=== Begin Enclosure ===
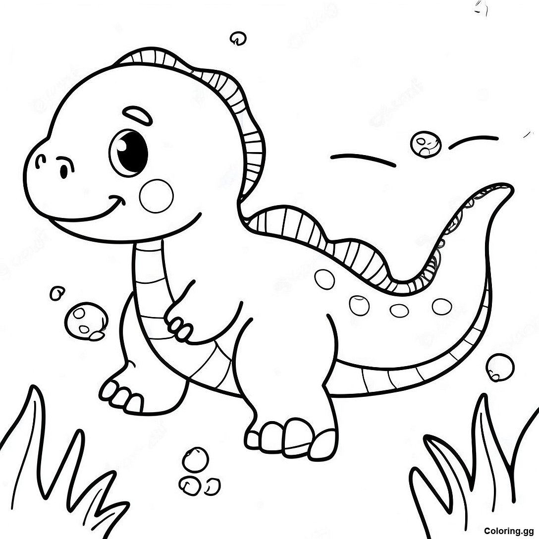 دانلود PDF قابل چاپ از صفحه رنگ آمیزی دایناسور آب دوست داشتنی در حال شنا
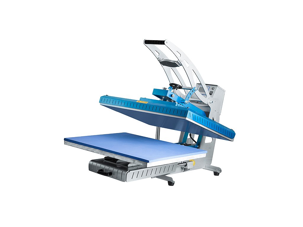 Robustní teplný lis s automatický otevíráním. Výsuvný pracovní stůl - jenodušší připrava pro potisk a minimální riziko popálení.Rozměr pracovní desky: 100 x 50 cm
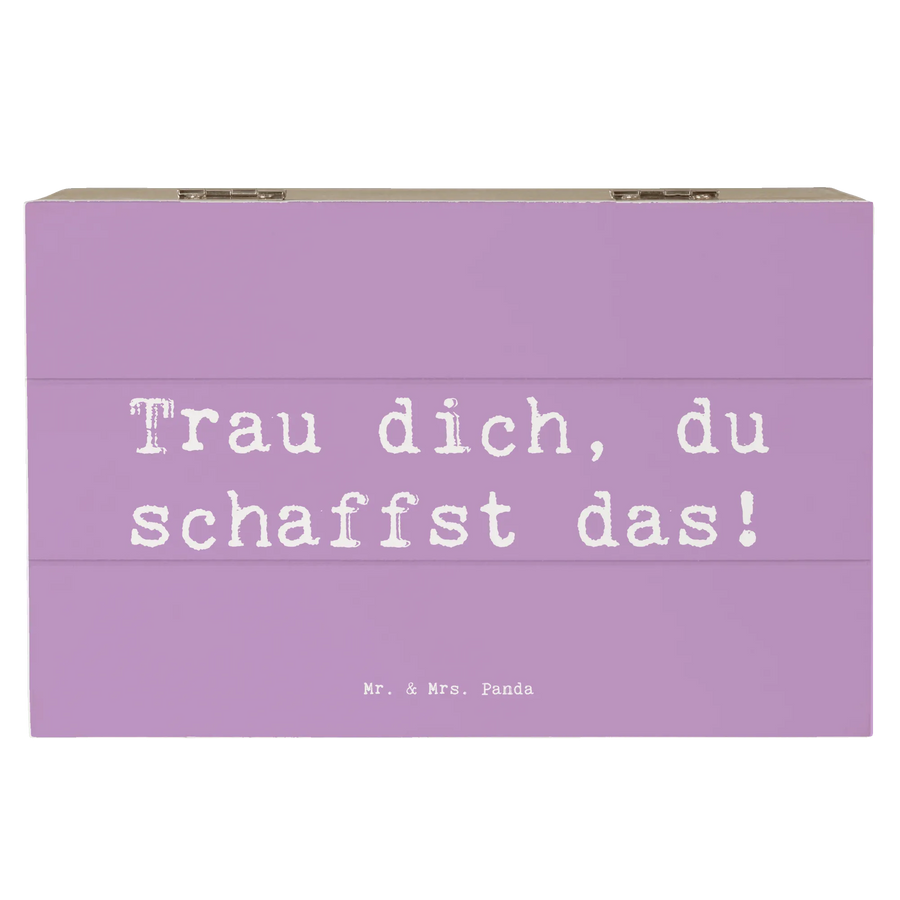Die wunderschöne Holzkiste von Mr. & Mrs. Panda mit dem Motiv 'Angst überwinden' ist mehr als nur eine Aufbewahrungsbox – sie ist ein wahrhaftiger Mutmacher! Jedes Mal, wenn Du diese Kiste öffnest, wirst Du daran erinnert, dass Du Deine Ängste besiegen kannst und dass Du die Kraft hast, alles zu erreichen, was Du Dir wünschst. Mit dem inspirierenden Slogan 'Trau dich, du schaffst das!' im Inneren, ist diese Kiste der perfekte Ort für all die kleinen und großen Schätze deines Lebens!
=== End Enclosure ===
=== Begin Enclosure ===
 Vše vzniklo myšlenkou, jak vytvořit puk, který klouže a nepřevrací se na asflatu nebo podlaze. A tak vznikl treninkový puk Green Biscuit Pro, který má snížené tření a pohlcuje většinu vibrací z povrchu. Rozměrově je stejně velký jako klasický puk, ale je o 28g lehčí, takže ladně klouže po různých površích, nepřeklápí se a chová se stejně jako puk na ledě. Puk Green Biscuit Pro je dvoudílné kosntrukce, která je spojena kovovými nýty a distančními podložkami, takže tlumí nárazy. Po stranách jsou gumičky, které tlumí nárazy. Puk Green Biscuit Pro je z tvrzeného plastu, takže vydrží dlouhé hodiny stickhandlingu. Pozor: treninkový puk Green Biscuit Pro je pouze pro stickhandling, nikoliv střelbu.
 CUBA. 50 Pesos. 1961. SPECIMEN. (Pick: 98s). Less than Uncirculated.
=== End Enclosure ===
=== Begin Enclosure ===
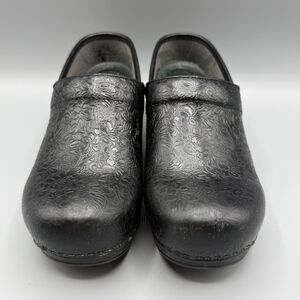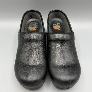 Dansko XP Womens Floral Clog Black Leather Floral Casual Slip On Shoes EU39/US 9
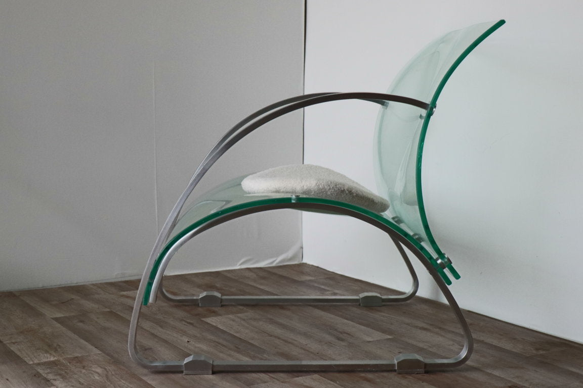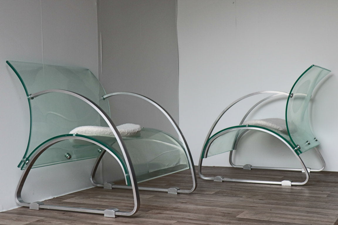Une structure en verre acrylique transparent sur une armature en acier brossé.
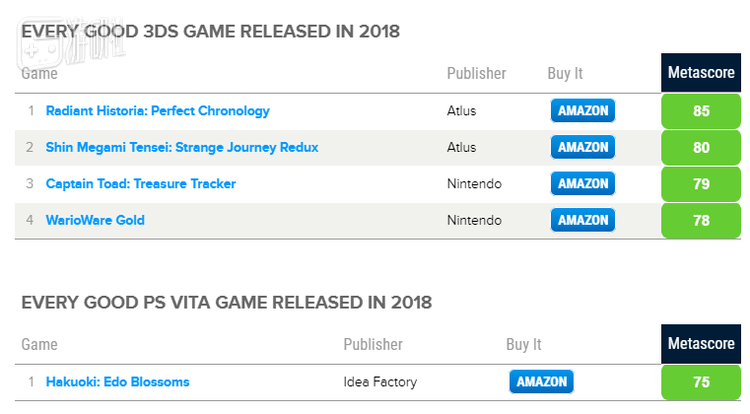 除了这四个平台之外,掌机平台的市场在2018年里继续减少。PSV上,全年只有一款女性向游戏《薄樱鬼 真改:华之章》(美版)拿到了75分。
=== End Enclosure ===
◆ TO DO ◆
Give back the exact lines above, running from the one that has "دانلود PDF قابل" through the one that has "Robustní teplný lis", with nothing added and no pictures.

◆ WRITTEN ANSWER ◆
 دانلود PDF قابل چاپ از صفحه رنگ آمیزی دایناسور آب دوست داشتنی در حال شنا
 Robustní teplný lis s automatický otevíráním. Výsuvný pracovní stůl - jenodušší připrava pro potisk a minimální riziko popálení.Rozměr pracovní desky: 100 x 50 cm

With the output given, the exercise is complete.